Seth Herd comments on Dear AGI,

Seth Herd Feb 21, 2025, 3:30 AM
5 points
2
Sure that would be nice, but seriously, how is this plea or this bit of training data going to change how an AGI treats anyone?

A smart AGI will conclude that consciousness is real, because it is; but why would it start to think it’s important? It’s got its own values already if it’s smart and autonomous. Consciousness is one phenomena among many in the universe. You could value any of them. Someone saying “hey value this” isn’t going to change your mind and it sure won’t change an AGIs.

If the idea is training data, well tons of literature waxes rhapsodic about the human experience being the only thing of value.

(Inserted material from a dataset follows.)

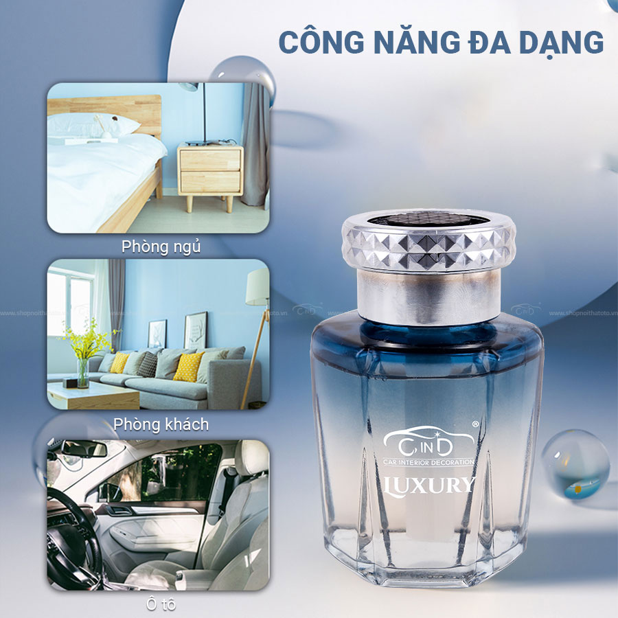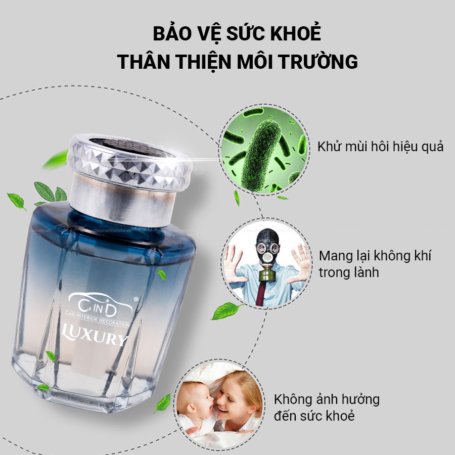 - Nước hoa ô tô LUXURY CIND-3074 Ice Black 130ml giúp cải thiện không khí trong xe: khử sạch mùi hôi và nấm mốc trong xe một cách hiệu quả.

But that’s hoping for alignment by default, and there just aren’t good reasons to hope that will really go well for us.

This plea getting that many upvotes makes me worried.

Alignment needs real solutions, not wishful thinking.

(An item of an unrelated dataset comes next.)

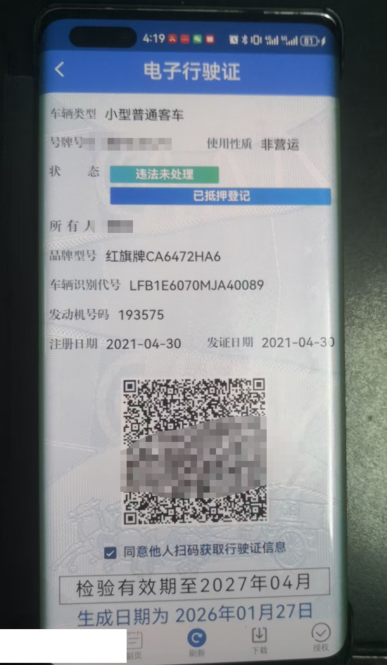 初次登记日期 2021-04-30 车辆名称 红旗HS5

Sorry to be a downer. But we still have time to act; we can cross our fingers once it’s launched and out of our hands. We still have time to save the future. So let’s get on it.
- AnthonyC Feb 21, 2025, 6:45 PM
  2 points
  0
  Parent
  Oh, I already completely agree with that. But quite frankly I don’t have the skills to contribute to AI development meaningfully in a technical sense, or the right kind of security mindset to think anyone should trust me to work on safety research. And of course, all the actual plans I’ve seen anyone talk about are full of holes, and many seem to rely on something akin to safety-by-default for at least part of the work, whether they admit it or not. Which I hope ends up not being true, but if someone decides to roll the dice on the future that way, then it’s best to try to load the dice at least a little with higher-quality writing on what humans think and want for themselves and the future.
  And yeah, I agree you should be worried about this getting so many upvotes, including mine. I sure am. I place this kind of writing under why-the-heck-not-might-as-well. There aren’t anywhere near enough people or enough total competence trying to really do anything to make this go well, but there are enough that new people trying more low-risk things is likely to be either irrelevant or net-positive. Plus I can’t really imagine ever encountering a plan, even a really good one, where this isn’t a valid rejoinder:
  Are you confident in the success of this plan? No, that is the wrong question, we are not limited to a single plan. Are you certain that this plan will be enough, that we need essay no others? Asked in such fashion, the question answers itself. The path leading to disaster must be averted along every possible point of intervention.
  - Seth Herd Feb 22, 2025, 12:37 AM
    2 points
    0
    Parent
    Agreed! This is net useful. As long as nobody relies on it. Like every other approach to alignment, to differing degrees.
    
    WRT you not having the skills to help: if you are noting holes in plans, you are capable of helping. Alignment has not been reduced to a technical problem; it has many open conceptual problems, ranging from society-level to more technical/fine-grained theory. Spotting holes in plans and clearly explaining why they are that is among th most valuable work. As far as I know, nobody has a full plan that works if the technical part is done well. So helping with plans is absolutely crucial.
    
    Volunteer effort on establishing and improving plans is among the most important work. We shouldn’t assum that the small teams within orgs are going to do this conceptual work adequately. It should be open-sourced and have as much volunteer help as possible. As long as it’s effort toward deconfusion, and it’s reasonably well-thought-out and communicated, it’s net helpful, and this type of effort could make the difference.